New Push by US Senate Hopes to Protect LGBT Youth in Schools
Image via Equality California
Senators Al Franken (D-Minn) and Tom Harkin (D-Iowa) reintroduced two different measures to the Senate on Tuesday that would provide protections to LGBT youth in US schools.
Harkin, who is a Committee Chairman on the Health, Education, Labor, and Pensions board, reintroduced the No Child Left Behind Act with new language, according to LGBTQ Nation. The new language would reduce or eliminate funding for schools that would fail to take strong stand against bullying and/or discrimination against LGBT students.
The Elementary and Secondary Education Act, also known as the No Child Left Behind, has been expired since 2007 and has been a hot button issue in Congress. The education committee are scheduled to address the legislation on June 11, but a vote on it has not been scheduled and Democratic aides are saying it might not happen until Autumn.
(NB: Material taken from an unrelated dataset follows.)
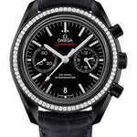 Omega Speedmaster Moonwatch Omega Co-Axial Chronograph Dark Side of the Moon Watch - 44.25 mm Black Ceramic Case - Diamond Set Ceramic Bezel - Black Ceramic Diamond Dial - Black Leather Strap - 311.98.44.51.51.001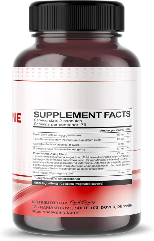USA-Made PeakPury Fisetin Resveratrol Quercetin Elderberry Echinacea Ashwagandha Turmeric Ginger Supplement

Lawmakers are hoping to overhaul the requirements of the bill to allow states to write a certain amount of their own laws to address the needs of students in their own states. Lawmakers, including Harkin, are well aware that the bill had previously caused headaches in some states. Harkin said the previous requirements, “set inflexible benchmarks without considering the different needs of schools and without recognizing student progress. Instead, the bill would offer states greater flexibility to improve students’ education.”
Harkin’s provision for protections in No Child Left Behind are commendable, but it could be sometime before the Act passes in this sessions bickering Congress. Republican Lawmakers are especially skeptical about renewing the act, believing that they do not have to tell local schools how they need to teach their students.
In an attempt to get legislation that would provide those protections to LGBT students sooner, Franken reintroduced the Student Non-Discrimination Act (SNDA) as a stand alone act.
“No child should dread going to school because they don’t feel safe,” said Franken.
The Human Rights Campaign recently released a survey of LGBT youth showing they are twice as likely to experience verbal harassment, exclusion and physical harm at school compared to their non-LGBT classmates. The report also goes on to say that 64 percent of LGBT teens report that they do no participate in any after-school or other recreational activities for fear of being discriminated against.
SNDA was introduced earlier in the year in the U.S. House of Representatives by Reps. Jared Polis (D-Colo.) and Ileana Ros-Lehtinen (R-Fla.)
“Our nation’s civil rights laws protect our children from bullying due to race, sex, religion, disability, and national origin,” Franken said. “My proposal extends these protections to our gay and lesbian students who shouldn’t ever feel afraid of going to school.”